The widescale police misconduct led to the quashing of Danny Mansell’s 1998 conviction for murdering Wakefield pensioner Joe Smales and the majority of Gary Ford’s convictions for burglary and robbery in 1996 also being overturned.

Both men were released in 2009 after spending a total of 20 years in prison on the basis of tainted evidence. Both have now launched damages claims against the West Yorkshire force which are likely to total in excess of half a million pounds.

Mr Hamilton said: “I will be seeking a meeting with the commissioner to discuss what’s gone wrong and how it can be put right. If we don’t get anywhere, I will approach the Home Secretary.

“It cannot be right that the police are like a closed shop and they do things in their interest and against the public interest.”
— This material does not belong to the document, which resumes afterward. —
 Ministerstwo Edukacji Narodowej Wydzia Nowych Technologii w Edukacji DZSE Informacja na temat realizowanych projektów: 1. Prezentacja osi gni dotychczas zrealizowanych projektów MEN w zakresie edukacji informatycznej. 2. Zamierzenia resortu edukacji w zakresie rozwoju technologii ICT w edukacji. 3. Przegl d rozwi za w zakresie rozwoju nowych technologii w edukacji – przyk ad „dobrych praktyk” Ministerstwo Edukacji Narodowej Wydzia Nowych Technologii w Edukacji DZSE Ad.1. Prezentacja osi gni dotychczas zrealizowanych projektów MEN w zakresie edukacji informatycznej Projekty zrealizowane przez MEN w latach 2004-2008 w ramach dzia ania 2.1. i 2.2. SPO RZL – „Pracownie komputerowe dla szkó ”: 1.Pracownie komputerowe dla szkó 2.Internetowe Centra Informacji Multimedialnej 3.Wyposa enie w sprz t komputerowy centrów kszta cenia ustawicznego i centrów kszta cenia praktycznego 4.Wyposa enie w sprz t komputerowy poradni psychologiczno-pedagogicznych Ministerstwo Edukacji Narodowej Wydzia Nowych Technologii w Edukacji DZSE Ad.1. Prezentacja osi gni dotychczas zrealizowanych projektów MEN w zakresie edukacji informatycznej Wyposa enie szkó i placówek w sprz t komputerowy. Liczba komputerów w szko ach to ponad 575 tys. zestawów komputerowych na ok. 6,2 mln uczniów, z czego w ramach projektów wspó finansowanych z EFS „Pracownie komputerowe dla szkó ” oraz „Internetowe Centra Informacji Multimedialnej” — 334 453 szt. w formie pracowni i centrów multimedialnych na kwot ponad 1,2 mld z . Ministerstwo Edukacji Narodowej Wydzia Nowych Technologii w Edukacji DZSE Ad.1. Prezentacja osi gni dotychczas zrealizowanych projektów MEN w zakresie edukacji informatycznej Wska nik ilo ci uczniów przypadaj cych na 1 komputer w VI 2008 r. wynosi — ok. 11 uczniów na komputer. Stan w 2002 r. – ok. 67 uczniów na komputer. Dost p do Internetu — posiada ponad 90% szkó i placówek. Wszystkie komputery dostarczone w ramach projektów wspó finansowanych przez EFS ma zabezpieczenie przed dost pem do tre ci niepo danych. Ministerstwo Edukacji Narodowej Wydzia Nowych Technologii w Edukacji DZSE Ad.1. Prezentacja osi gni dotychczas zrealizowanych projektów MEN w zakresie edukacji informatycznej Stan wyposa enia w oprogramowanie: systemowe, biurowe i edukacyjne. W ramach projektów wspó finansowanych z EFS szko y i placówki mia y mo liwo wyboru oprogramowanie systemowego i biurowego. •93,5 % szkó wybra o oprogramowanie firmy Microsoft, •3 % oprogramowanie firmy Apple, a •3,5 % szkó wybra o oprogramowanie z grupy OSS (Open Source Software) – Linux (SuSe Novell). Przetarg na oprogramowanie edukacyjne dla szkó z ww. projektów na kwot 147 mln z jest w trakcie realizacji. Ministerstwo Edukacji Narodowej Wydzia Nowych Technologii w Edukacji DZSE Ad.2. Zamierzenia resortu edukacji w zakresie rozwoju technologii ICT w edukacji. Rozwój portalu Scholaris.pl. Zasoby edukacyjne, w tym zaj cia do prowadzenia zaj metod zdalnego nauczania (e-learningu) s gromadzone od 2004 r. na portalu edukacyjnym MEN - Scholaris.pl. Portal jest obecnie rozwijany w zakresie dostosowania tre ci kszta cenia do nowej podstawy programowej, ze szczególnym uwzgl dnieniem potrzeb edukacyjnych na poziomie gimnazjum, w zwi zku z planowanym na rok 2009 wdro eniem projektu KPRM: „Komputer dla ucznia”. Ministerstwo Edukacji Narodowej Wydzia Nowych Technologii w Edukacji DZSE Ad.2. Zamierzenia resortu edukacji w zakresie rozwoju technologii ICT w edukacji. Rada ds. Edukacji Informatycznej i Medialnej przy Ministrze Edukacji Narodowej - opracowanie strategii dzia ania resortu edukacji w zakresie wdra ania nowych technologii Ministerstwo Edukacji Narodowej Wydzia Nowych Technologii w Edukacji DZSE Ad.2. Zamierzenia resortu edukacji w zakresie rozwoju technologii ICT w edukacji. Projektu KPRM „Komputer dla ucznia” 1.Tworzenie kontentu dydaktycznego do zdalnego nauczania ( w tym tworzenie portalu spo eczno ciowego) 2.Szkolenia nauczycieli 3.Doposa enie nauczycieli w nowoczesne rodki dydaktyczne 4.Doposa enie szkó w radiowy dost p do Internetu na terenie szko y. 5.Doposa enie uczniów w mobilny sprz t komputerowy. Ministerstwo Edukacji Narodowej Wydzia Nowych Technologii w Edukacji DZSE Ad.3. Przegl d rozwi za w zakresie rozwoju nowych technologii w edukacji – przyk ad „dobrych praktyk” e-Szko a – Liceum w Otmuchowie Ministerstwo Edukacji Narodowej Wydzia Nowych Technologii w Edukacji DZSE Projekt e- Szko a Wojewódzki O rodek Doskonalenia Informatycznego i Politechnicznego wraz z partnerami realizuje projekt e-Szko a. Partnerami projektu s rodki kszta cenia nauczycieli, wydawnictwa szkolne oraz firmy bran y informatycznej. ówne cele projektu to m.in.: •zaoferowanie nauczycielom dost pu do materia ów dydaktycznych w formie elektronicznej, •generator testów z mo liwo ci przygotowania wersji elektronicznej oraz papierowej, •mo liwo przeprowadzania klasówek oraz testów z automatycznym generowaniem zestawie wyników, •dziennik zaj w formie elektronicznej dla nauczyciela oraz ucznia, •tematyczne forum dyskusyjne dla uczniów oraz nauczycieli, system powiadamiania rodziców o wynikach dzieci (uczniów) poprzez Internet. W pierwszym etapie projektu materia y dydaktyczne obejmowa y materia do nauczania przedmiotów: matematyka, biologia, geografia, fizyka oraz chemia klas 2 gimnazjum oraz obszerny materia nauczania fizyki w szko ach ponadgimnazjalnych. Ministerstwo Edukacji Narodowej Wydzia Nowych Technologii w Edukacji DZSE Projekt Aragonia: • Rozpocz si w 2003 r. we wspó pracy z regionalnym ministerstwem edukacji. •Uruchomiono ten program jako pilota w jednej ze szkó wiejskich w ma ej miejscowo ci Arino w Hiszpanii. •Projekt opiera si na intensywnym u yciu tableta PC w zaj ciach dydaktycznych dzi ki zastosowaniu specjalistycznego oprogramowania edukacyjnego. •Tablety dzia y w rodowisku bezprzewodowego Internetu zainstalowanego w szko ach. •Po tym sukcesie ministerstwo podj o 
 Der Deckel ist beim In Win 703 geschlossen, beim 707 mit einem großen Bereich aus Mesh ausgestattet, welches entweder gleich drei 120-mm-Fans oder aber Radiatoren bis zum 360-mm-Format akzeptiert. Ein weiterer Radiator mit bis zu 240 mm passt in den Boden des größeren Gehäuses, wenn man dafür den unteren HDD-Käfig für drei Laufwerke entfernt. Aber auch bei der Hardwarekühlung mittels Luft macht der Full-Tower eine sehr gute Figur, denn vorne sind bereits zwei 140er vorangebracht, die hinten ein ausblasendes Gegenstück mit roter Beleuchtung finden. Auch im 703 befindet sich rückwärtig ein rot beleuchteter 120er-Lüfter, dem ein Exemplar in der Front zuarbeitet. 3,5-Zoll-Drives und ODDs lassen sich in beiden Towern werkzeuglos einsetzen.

Mr Mudie said: “Here’s a situation that could cost the taxpayer a huge amount of money and one that raises serious questions of accountability both about what happened and why no action was taken.

“I see transparency and accountability as things a police commissioner should have at the top of their agenda.

“If that’s not happening, what is he doing?”

The force and the commissioner are currently withholding the findings of an inquiry into the lack of charges or disciplinary action on the grounds disclosure may not be in the public interest.

The investigation was ordered in 2011 in the wake of withering criticism from the Supreme Court when it released its judgment ruling Paul Maxwell, whose Joe Smales murder conviction had also been quashed, could face a retrial. He subsequently pleaded guilty.

The Supreme Court said the actions of officers. which included allowing Chapman free access to drink, drugs and sex and concealing it all when he gave evidence in court, amounted to perverting the course of justice, perjury and misconduct in public office.

The force and Mr Burns-Williamson have declined to respond to questions about why no action was taken.

North Yorkshire Police, who carried out a six-year inquiry into how West Yorkshire handled Chapman, prepared files on at least 10 officers for the Crown Prosecution Service (CPS) and many more disciplinary dossiers but ultimately not a single officer faced any action.

The CPS has declined to offer clarification for its decision-making beyond stating there was “insufficient evidence”.

Despite the scale of North Yorkshire’s Operation Douglas, which detailed an astonishing level of misconduct, West Yorkshire Police’s professional standards department only requested final disciplinary files to be drawn up on five officers. No justification for why only a relatively small number of officers, none of whom were senior, were considered for disciplinary action has been provided.

The force has not confirmed if any hearings even went ahead.

Only a small number of officers involved with the handling of Chapman remain with West Yorkshire Police.

The Yorkshire Post investigation draws on a previously undisclosed 263-page report compiled by the Criminal Cases Review Commission (CCRC) which led to the murder convictions being quashed in 2009 and hundreds more documents from Operation Douglas, whose findings informed the report.

The contents of the CCRC report were accepted unchallenged by the Court of Appeal when the Maxwell and Mansell murder convictions were quashed by the Supreme Court.